A special event on Jan. 17 hosted by the Department of Social Science in the Faculty of Liberal Arts & Professional Studies at York University will celebrate 13 recent publications authored by faculty. The event, which will take place from 2 to 4 p.m. in Room S757, Ross Building on the Keele Campus, will have books available for purchase (have your PER account numbers handy). All are welcome to attend this event. Light refreshments will be served.

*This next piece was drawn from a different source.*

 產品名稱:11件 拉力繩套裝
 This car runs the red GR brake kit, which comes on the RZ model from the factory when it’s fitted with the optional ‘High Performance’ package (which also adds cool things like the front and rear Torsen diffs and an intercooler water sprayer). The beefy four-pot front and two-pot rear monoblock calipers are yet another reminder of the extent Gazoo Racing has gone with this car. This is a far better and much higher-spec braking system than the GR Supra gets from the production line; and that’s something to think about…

The following authors and their books will be recognized:
Beyond Accommodation: Everyday Narratives of Muslim Canadians
(UBC Press, 2018) by Jennifer Selby, Amélie Barras and Lori Beaman
Problems – of integration and requests for various kinds of accommodation – seem to dominate the social scientific research on Muslims in and beyond Canada. Beyond Accommodation offers a different perspective, showing how Muslim Canadians successfully navigate and negotiate their religiosity in their everyday lives.

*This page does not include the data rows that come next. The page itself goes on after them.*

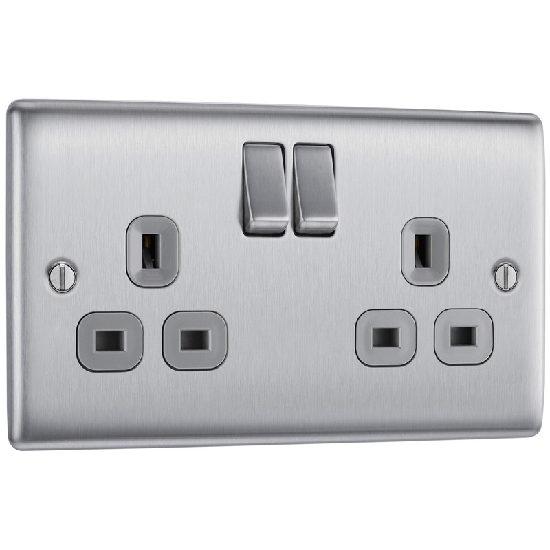 - SLEEK AND SLIM BRUSHED STEEL DOUBLE SWITCHED POWER SOCKET: From BG Electrical, has softly rounded corners and colour matching fixing screws – combining quality with modern elegance
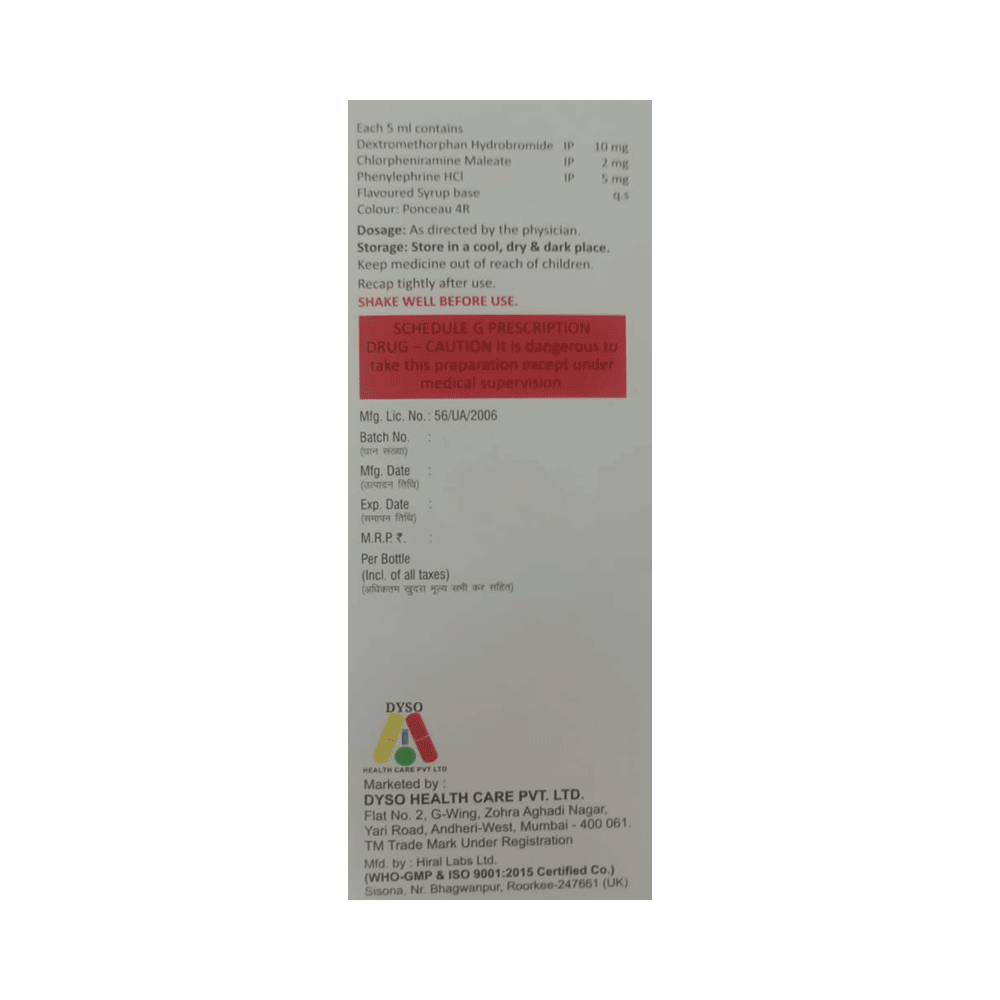Salt Composition: Phenylephrine (5mg/5ml) + Chlorpheniramine Maleate (2mg/5ml) + Dextromethorphan Hydrobromide (10mg/5ml)
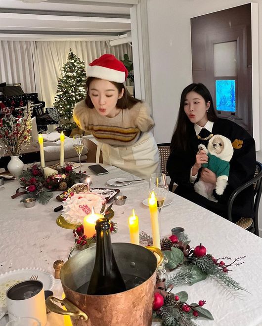 사진 속 이해리는 강민경 집에서 반려견과 함께 즐거운 크리스마스 파티를 즐기고 있는 모습. 두 사람은 거대한 트리와 산타 모자, 조명, 초 등을 활용해 크리스마스 분위기를 만끽하고 있다.
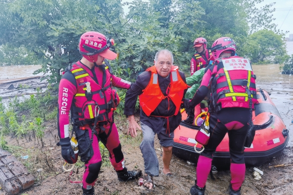 6月21日,津市市襄阳街街道古大同社区老果园地段,4名老人被洪水所困。津市消防接警后迅速出动,成功将被困老人转移至安全地带。
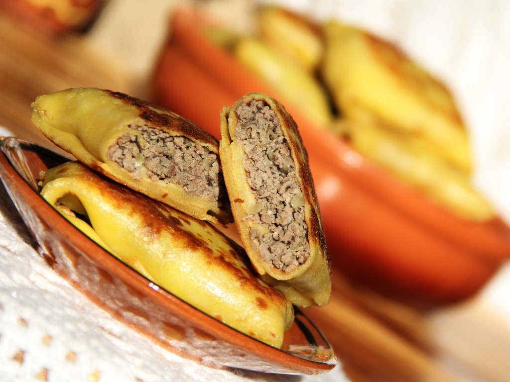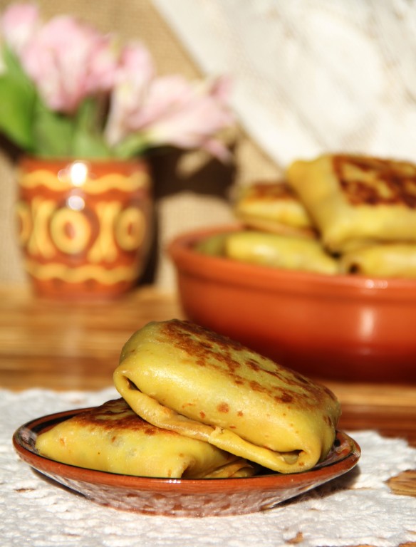 Подать блинчики с начинкой из куриных сердечек к столу в горячем виде. Можно сдобрить блины сметанкой или полить растопленным сливочным маслом.

The Public Sector in an Age of Austerity: Perspectives from Canada’s Provinces and Territories
(McGill-Queen’s University Press, 2018) by Bryan M. Evans and Carlo Fanelli (Eds)
This book challenges conventional wisdom by showing that Canada did not escape post-crisis austerity, and that its recovery has been vastly overstated.
The Black Social Economy in the Americas: Exploring Diverse Community-Based Markets
(Palgrave Macmillan, 2018) by Caroline Shenaz Hossein (Ed)
Fourteen scholars explore how Black communities across the Western Hemisphere create meaningful livelihoods by forming their own economies, autonomous from the mainstream.
Africapitalism: Rethinking the Role of Business in Africa
(Cambridge University Press, 2018) by Kenneth Amaeshi, Adun Okupe and Uwafiokun Idemudia (Eds)
The book refines the notion of Africapitalism and contributes to the debates about the nature of capitalism in Africa. It offers insights into what variety of capitalism might work for Africans by rethinking the role of business in African societies.
Racial Profiling and Human Rights in Canada: The New Legal Landscape
(Irwin Law, 2018) by Lorne Foster, Les Jacobs, Bobby Siu and Shaheen Azmi (Eds)
This book offers a human rights perspective on racial profiling in Canada, resulting in a holistic, multifaceted approach to understanding the phenomenon of racial profiling and how to eradicate it.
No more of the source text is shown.